→ **Exercise brief**: Restate the whole listing below word for word and keep the images out.

→ **Collected material**:

========================================================================

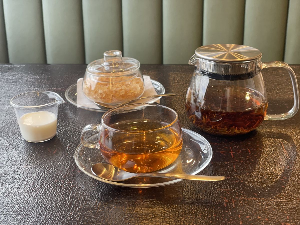 甘味の味を引き立てるドリンクメニューも充実。かいらしおもちや箱のセットドリンクは好きなものを選べますが、特におすすめは、「国産和紅茶」(単品の場合、ホット900円、アイス770円)。宇治の京都茶園の玉露用の茶葉でつくられたこだわりの国産紅茶は、渋みが少なくてまろやかです。和菓子との相性も抜群!ホットはガラスのティーポットで提供され、2杯目、3杯目もおいしくいただけます。
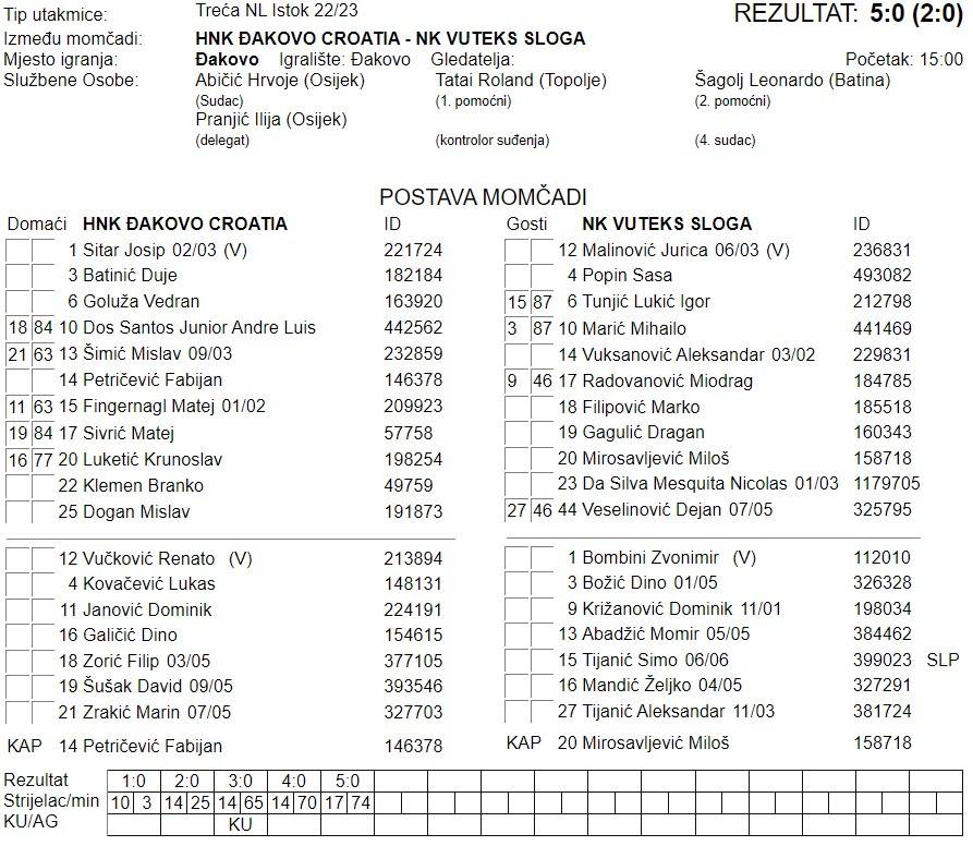 ĐAKOVO CROATIA – VUTEKS SLOGA 5:0
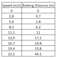 Given the equation above, what would you expect the breaking distance to be at a speed of 30 miles an hour?

========================================================================

→ **Answer space**:
 甘味の味を引き立てるドリンクメニューも充実。かいらしおもちや箱のセットドリンクは好きなものを選べますが、特におすすめは、「国産和紅茶」(単品の場合、ホット900円、アイス770円)。宇治の京都茶園の玉露用の茶葉でつくられたこだわりの国産紅茶は、渋みが少なくてまろやかです。和菓子との相性も抜群!ホットはガラスのティーポットで提供され、2杯目、3杯目もおいしくいただけます。
 ĐAKOVO CROATIA – VUTEKS SLOGA 5:0
 Given the equation above, what would you expect the breaking distance to be at a speed of 30 miles an hour?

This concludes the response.